Mediante pronunciamientos recientes, la Corte Constitucional de Colombia ha establecido límites constitucionales a los manuales de convivencia en propiedad horizontal, en lo que se refiere al tránsito o permanencia de animales de compañía en zonas comunes, generando la necesidad para las copropiedades de alinear sus reglamentos internos con los criterios jurisprudenciales de convivencia.

Tal es el caso de la Sentencia T-199 de junio de 2026, mediante la cual, la Corte Constitucional fijó reglas estrictas sobre el alcance de las decisiones aprobadas por la Asamblea General de Propietarios respecto a los animales de compañía. El alto tribunal reiteró que los conjuntos residenciales y edificios no pueden restringir el tránsito de animales de compañía por zonas comunes ni prohibir el uso de ascensores junto con las mascotas. De igual forma, determinó que es ilegal exigir autorizaciones previas o permisos especiales a los residentes para movilizar a sus animales por las áreas comunes de la copropiedad.

El fallo se originó tras estudiar una acción de tutela en la que un reglamento interno limitaba de forma severa el tránsito de los caninos. La Corte, recalcó que en la actualidad los animales de compañía o mascotas ocupan un papel relevante en la vida de muchas personas. Este fenómeno ha llevado a que se construyan relaciones entre los animales domésticos y los seres humanos. Para la Corte, ese vínculo tiene una dimensión constitucional, que se relaciona con el ejercicio de derechos como el libre desarrollo de la personalidad, y la intimidad personal y familiar.

En la mencionada providencia, se establecen entre otras, las siguientes pautas:

• Los reglamentos de propiedad horizontal no pueden vetar el paso de mascotas por áreas comunes, incluidos los ascensores.

• Es ilegal exigir autorizaciones previas para que los animales usen las zonas comunes del edificio o conjunto.

• La medida protege el libre desarrollo de la personalidad y la intimidad familiar, reconociendo el vínculo existente entre las personas y sus animales.

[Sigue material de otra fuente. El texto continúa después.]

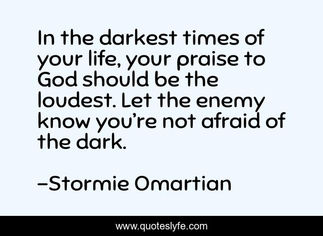 This page presents the quote "In the darkest times of your life, your praise to God should be the loudest. Let the enemy know you’re not afraid of the dark.". Author of this quote is Stormie Omartian. This quote is about motivation, christian, uplifting, powerful, encouraging, encouragement, jesus, spirituality, inspirational,.

• Las Copropiedades sí pueden imponer normas de convivencia proporcionales (como el uso de correas o la limpieza de excrementos), pero estas nunca deben ser prohibiciones totales o sanciones injustificadas.

Este pronunciamiento judicial se suma a los lineamientos del Decreto 768 de 2025, que reglamenta parcialmente la Ley 1801 de 2016 (Código Nacional de Seguridad y Convivencia Ciudadana). Esta normativa exige que las copropiedades adapten sus manuales de convivencia para alinearse con los criterios de convivencia ciudadana y evitar abusos por parte de los órganos de administración.

La Corte advirtió que el Código Nacional de Seguridad y Convivencia establece que no puede prohibirse el tránsito y la permanencia de animales domésticos o mascotas en las zonas comunes de las propiedades horizontales o conjuntos residenciales.

La norma dispone, además, que los administradores deben abstenerse de aplicar las reglas de los manuales de convivencia que contraríen esa disposición y promover su adecuación a la normativa vigente, pues no resulta admisible desde el punto de vista constitucional adoptar medidas que, en la práctica, dificulten o hagan inviable la tenencia de animales de compañía.

La Sala concluyó que en el régimen de propiedad horizontal las medidas que regulan la tenencia de animales de compañía deben orientarse a garantizar la convivencia pacífica entre los residentes. De este modo, los órganos de administración están facultados para establecer reglas sobre el tránsito y permanencia de animales en zonas comunes, pero no pueden imponer prohibiciones generales o restricciones desproporcionadas, ni supeditar su ejercicio a autorizaciones discrecionales.

En este orden de ideas, la autonomía de las asambleas generales no es absoluta; está limitada por los derechos fundamentales consagrados en la Constitución Política. Por lo tanto, cualquier sanción, multa o restricción que no respete los principios de razonabilidad y proporcionalidad carece de validez legal.

Ante estos pronunciamientos, se recomiendan las siguientes medidas en su copropiedad:

• Revisión de reglamentos: Revisar el manual de convivencia vigente., de manera que se eliminen cláusulas que impongan multas por usar el ascensor con mascotas o que exija autorizaciones internas para circular por zonas verdes.

• Socialización y pedagogía: Compartir las directrices de las sentencias con la comunidad, enfatizando que, si bien la circulación es libre, se mantienen las obligaciones de limpieza, control de ruidos y el uso de traílla (o bozal en razas de manejo especial según el Código Nacional de Seguridad y Convivencia Ciudadana).

• Capacitación al equipo de seguridad: Instruir a los guardas de vigilancia para que no impidan el acceso de los residentes con sus animales a los ascensores, evitando así que la copropiedad incurra en tutelas o demandas por discriminación.